一番弱い駒である歩を、攻方の駒2枚を犠牲にしてわざわざと金にしてしまうというのだから面白い。
面白い作品は後生の作家の創作意欲を刺激する。
それが「模倣」といわれるか「発展」といわれるか、それは鑑賞者次第。
作家は作りたくなってしまうのである。
九代大橋宗桂『将棋舞玉』第96番 1786
宗看が桂-馬で歩を成らせたのに対し、本作は桂-角。
馬をわざわざ取れるようにするという驚きはないが、歩をと金に換えるという狙いはくっきりしている。
19桂は18に角を打つ余地を作らせるための捨駒で、これはこれでアイデアであろう。
T-Baseのファイルには「無双91の改作」と書かれているが、それはちょっと可哀想な気がする。
桑原君仲『将棋玉図』第15番 1792
これはきちんと宗看の狙いを実現している。
98桂は退路封鎖の捨駒で、なるほどこれもアイデアだ。
質駒作成の64飛も効いている。
このように易しいがきちんと狙いを実現している『玉図』は楽しめる作品集なのでお薦めだ。
墨江酔人 近代将棋1985.4
アイデアとしては上の宗桂と君仲を組合わせたような感じ。
しかし強力な持駒には無理があるようで3手目75金以下の余詰がある。
修正図が『将棋墨酔』拾遺第20番に収録されているが、歩成らせではなく銀成らせになっている。

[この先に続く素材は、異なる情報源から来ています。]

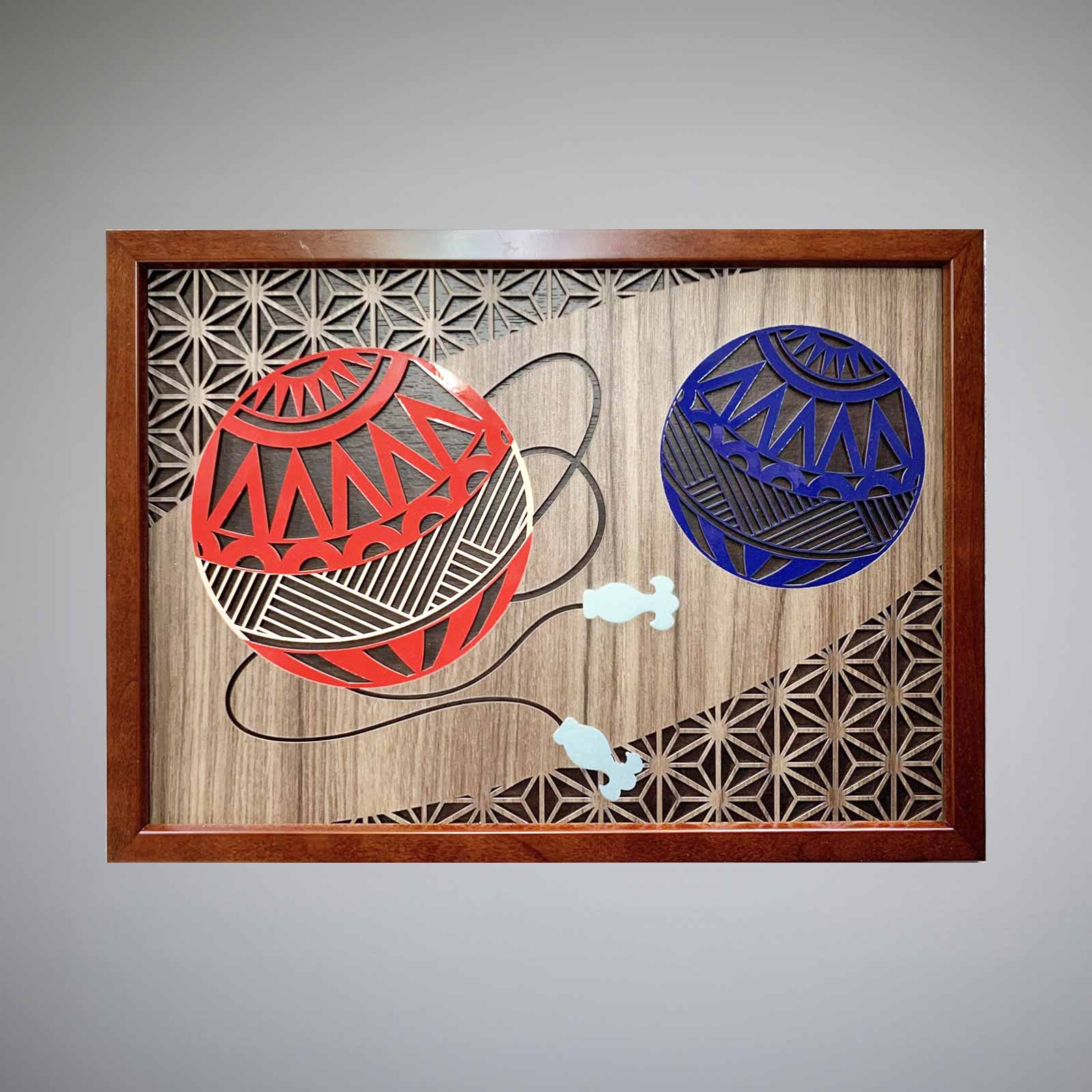 日本のエッセンスを感じさせる木製インテリアグッズのコレクション「ハピネス」シリーズ。単なる装飾にとどまらず、それぞれの作品には心からの願いが込められています。メインモチーフとそれぞれの組子模様は、魔除け、末永い家族の繁栄、長寿など、さまざまな願いを象徴しています。ご自身の空間を飾るのにも、大切な方への贈り物としても、特別な意味を持つ作品です。背板は白と黒のリバーシブルデザインで、お部屋の雰囲気に合わせてお選びいただけます。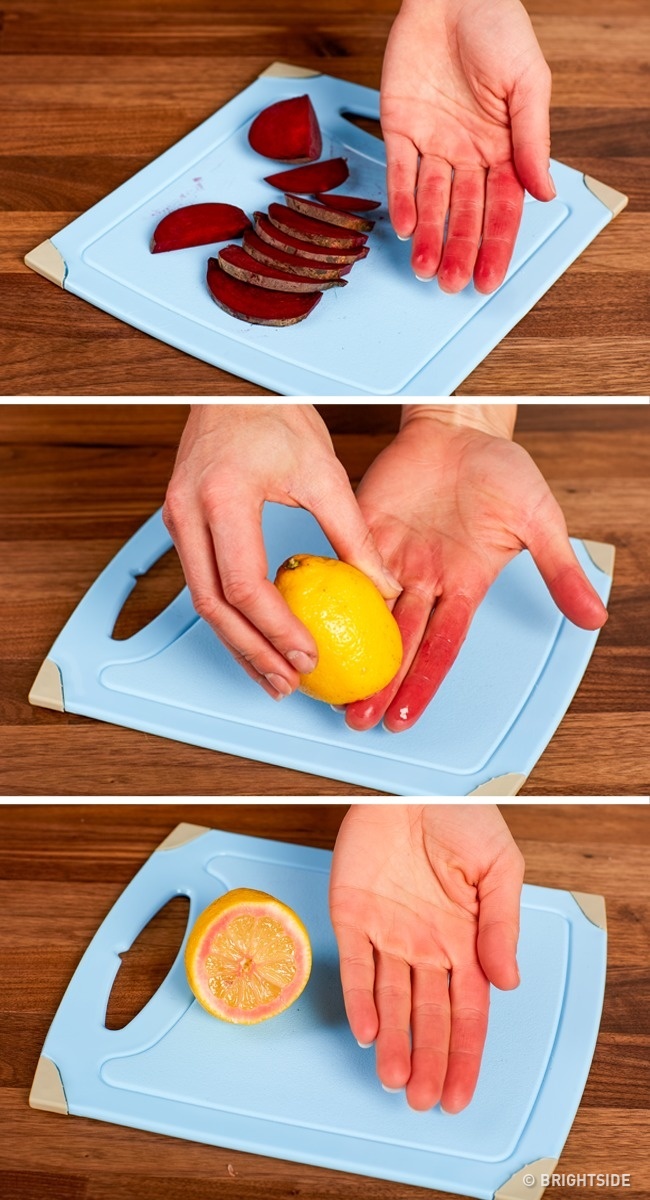 ▼用檸檬汁清潔手指:手指上沾染漿果汁的話,用肥皂清潔只會讓顏色暈染開來,切一片鮮檸檬擦拭,很快就能變乾淨。

さらに余詰があるので図だけ紹介するにとどめる。
駒場和男「春雷」『ゆめまぼろし百番』第77番 詰パラ1980.1改
2枚角を持駒にして97角打は迫力がある。
意味付けは86では近すぎ、97でも良いのは96を空けるためで大橋宗桂と同じだ。
発表時は97角からはじまる19手詰。
近将連載で取り上げたときはまた異図でいくつか変遷があるようだ。
『ゆめまぼろし百番』に収録された図は63銀不成、53玉の逆算が追加されている。
変化を2手長に納めるのに苦労したということが書かれているが、詰パラに発表したときは4手長があり、「現規約上許容範囲内にある」と主張した。
この頃駒場氏は柳田さんや上田さんに噛みついて諸氏から猛反撃を受けていた頃だ。
そこで2手長に収める努力をしたということか。
たださらっと柿木将棋に解かせたところ2手長には収まっていない気配がある。
詳しく調べてみないとわからないが。